M+E Daily

Discovery Communications CEO: True Skinny Bundles are ‘Fiction’

Discovery Communications continued to see growth from mobile and over-the-top initiatives in the first quarter (ended March 31), according to CEO and president David Zaslav.

But shares in the company were down 2.66% at $26.52 in afternoon trading May 9 after it reported revenue grew 3% from a year ago, to $1.6 billion, but profit fell 18% to $215 million, much of which it blamed on solar investments. U.S. networks revenue grew 3% to $829 million, driven by 5% distribution growth and 1% ad growth despite what it said was a “slight decline” in subscribers.

The company’s results were “disappointing” on the bottom line, Pivotal Research Group analyst Brian Wieser said in a research note. He added: “Although management reiterated the company’s current year financial targets we think the quarter’s outcome and commentary about the quarter ahead encouraged doubts among investors given what looks to be a challenging second quarter amid ongoing concerns about the longer-term health of the cable network sector.”

Discovery made “distinct progress in growing our digital and direct-to-consumer businesses,” Zaslav told analysts on an earnings call. “As the media landscape continues to evolve, we are focused on strengthening our global content portfolio and positioning it to reach” fans of Discovery programs “every way they consume content,” he said.

“We continue to make significant headway on our strategy of maximizing our existing linear business, while simultaneously driving growth and investing in areas like mobile and OTT” services, he said. In mobile, that includes short-form content that he pointed out is especially popular among younger viewers.

Since the beginning of this year, Discovery expanded several of its digital initiatives, including its Amazon subscription video on demand channels, he said. It also made “demonstrable progress” with its Eurosport Player OTT service all-access pass to sports events in Europe, he said.

The company’s Discovery GO TV Everywhere apps, meanwhile, are “growing rapidly” in the U.S., where they are now available to 80% of households, he said, adding he expected that, by year-end, the apps will be available on 115 million connected devices including the PlayStation 4, Apple TV, Xbox consoles and Roku devices. GO is “driving awareness and engagement for our linear brands,” he said.

Discovery also has several Snapchat channels that he said helps it reach younger viewers. The company will start creating “premium” Snapchat content around “marquee” Discovery brands starting this summer, he said.

Outside the U.S., there have been some “very successful skinny bundles,” and Discovery is “on all of them,” he said during the Q&A with analysts. But he said that that due to factors including the large number of sports networks included with most OTT services in the U.S., “there is no skinny bundle here.” He added: “The idea that you have a $40 offering filled with” all kinds of sports plus consumers must then “buy broadband on top of it,” jacking the price up to $60-$70, makes the idea of a true skinny bundle in the U.S. “fiction.”

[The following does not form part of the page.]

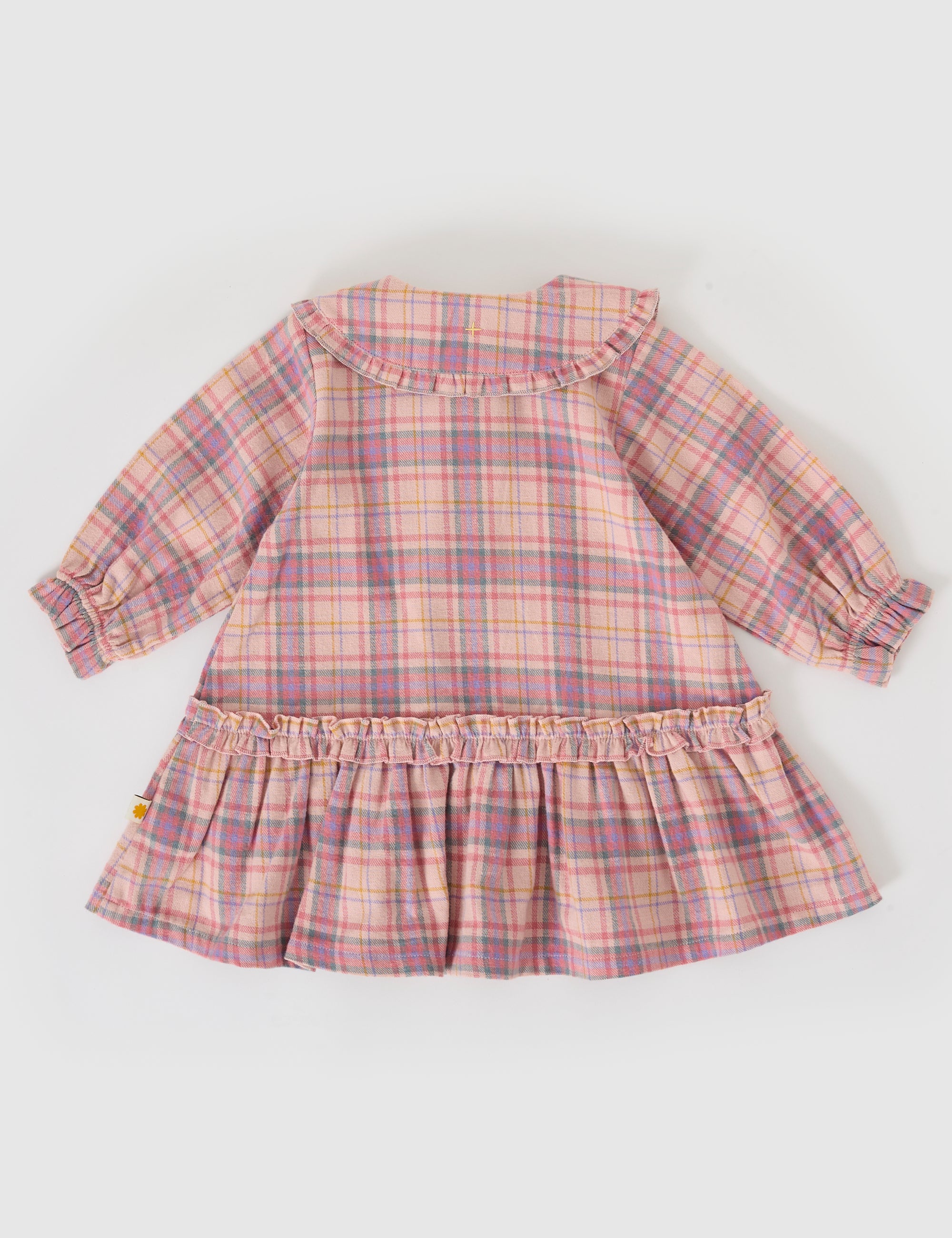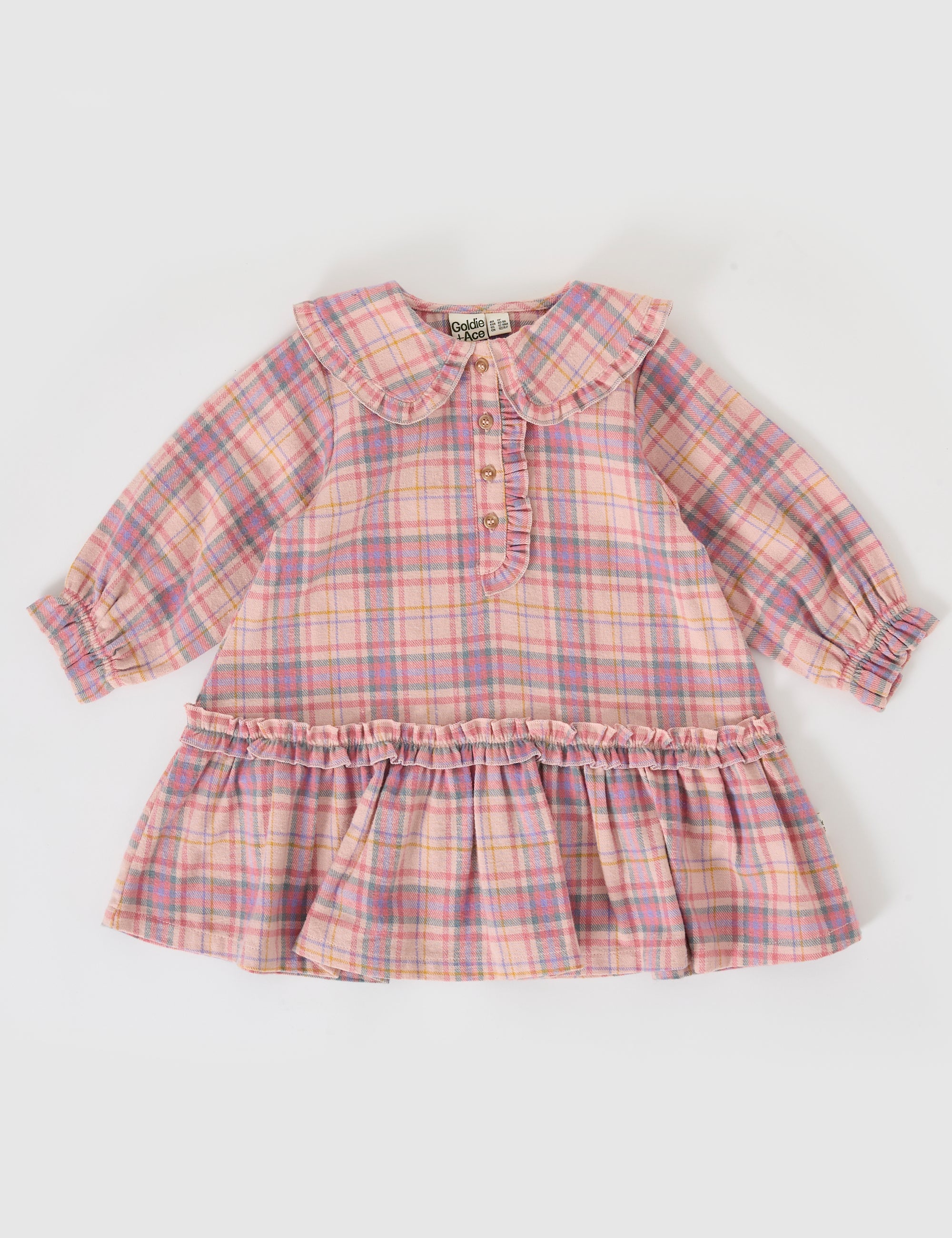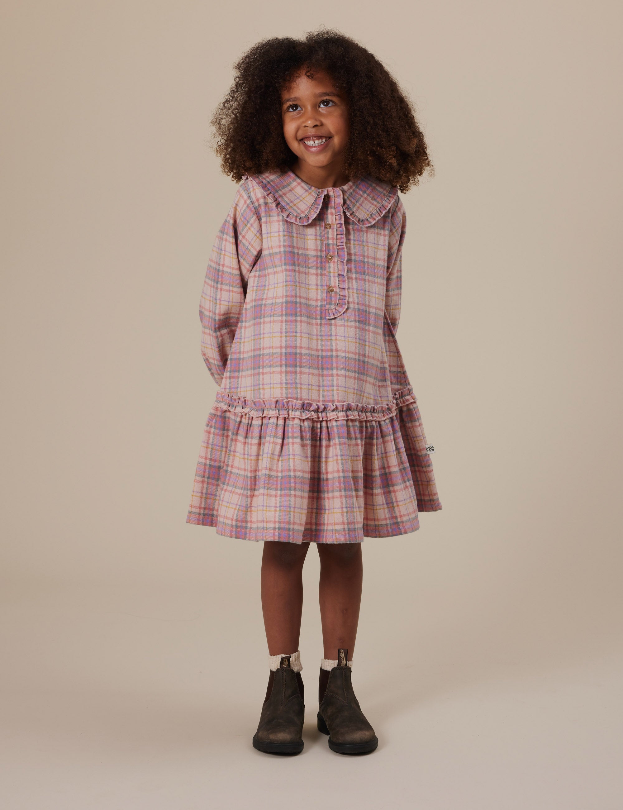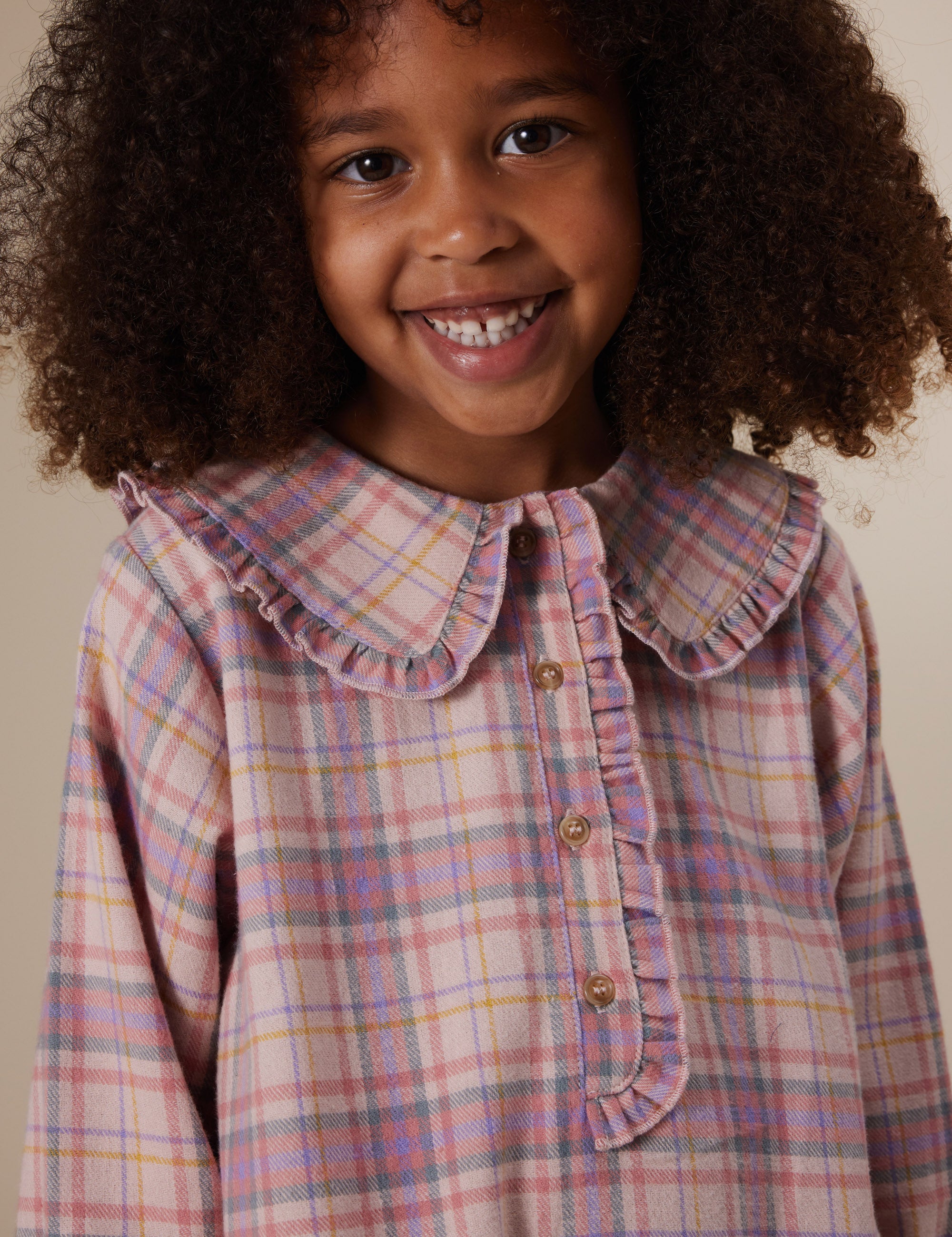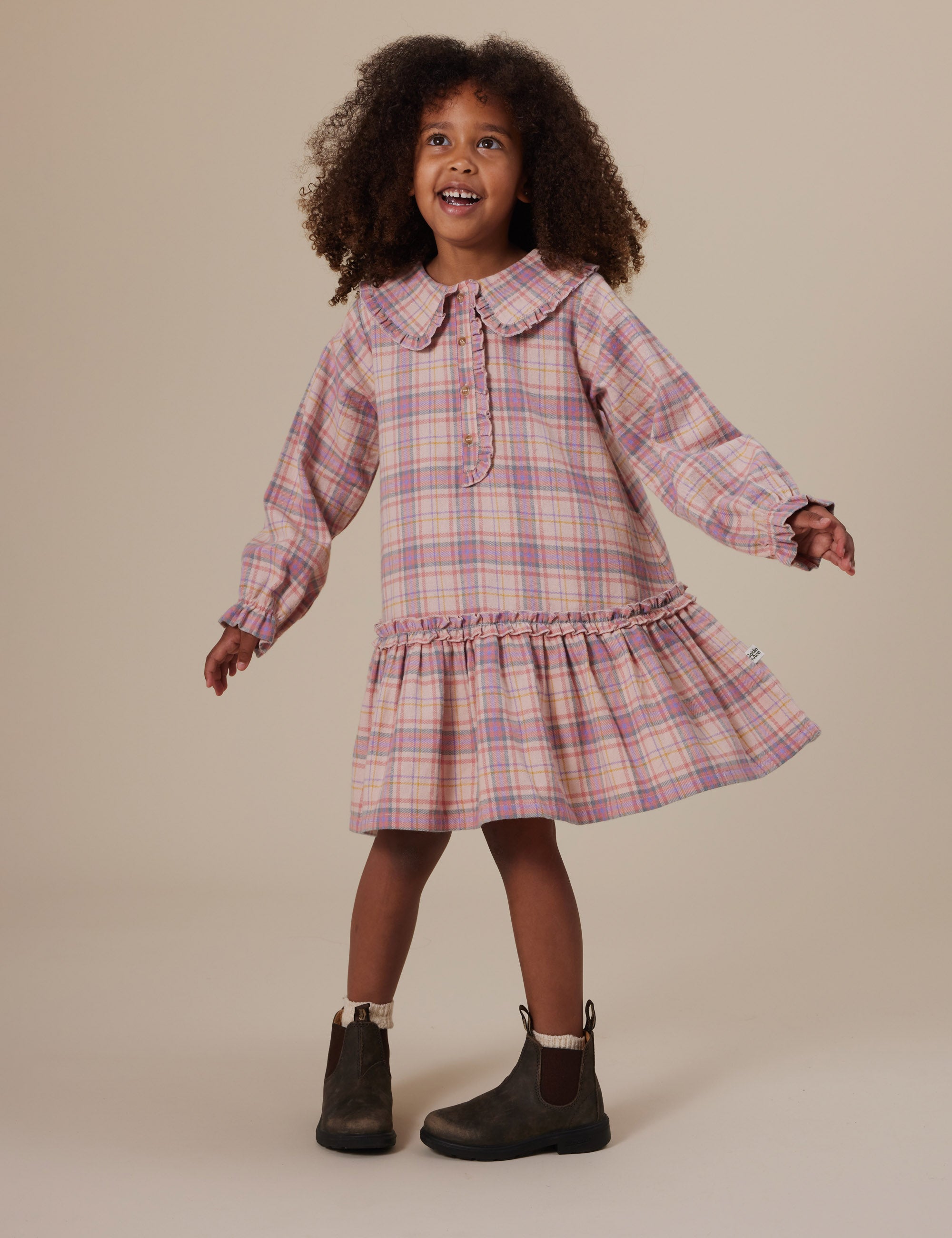 True to size. Relaxed fit. Soft, brushed cotton long sleeve dress featuring a drop hem frill, oversized collar and elasticated cuffs. Super cosy for winter layering.

He went on to say of the U.S. skinny bundle: “It’s really not a skinny bundle. It’s a bundle. It’s a bundle that may be attractive to a small group of people. But, in the end, I think the market will be rationalized.” All of the “overstuffed turkeys” that qualify as skinny bundles in the U.S. now are “going to end up being a challenge from a consumer perspective,” he said, adding that in the U.S., we still need an $8-$12-a-month “quality offering that’s a true skinny bundle in the spirit of what’s working around the world — and I think that’ll happen; it’s just a question of when.”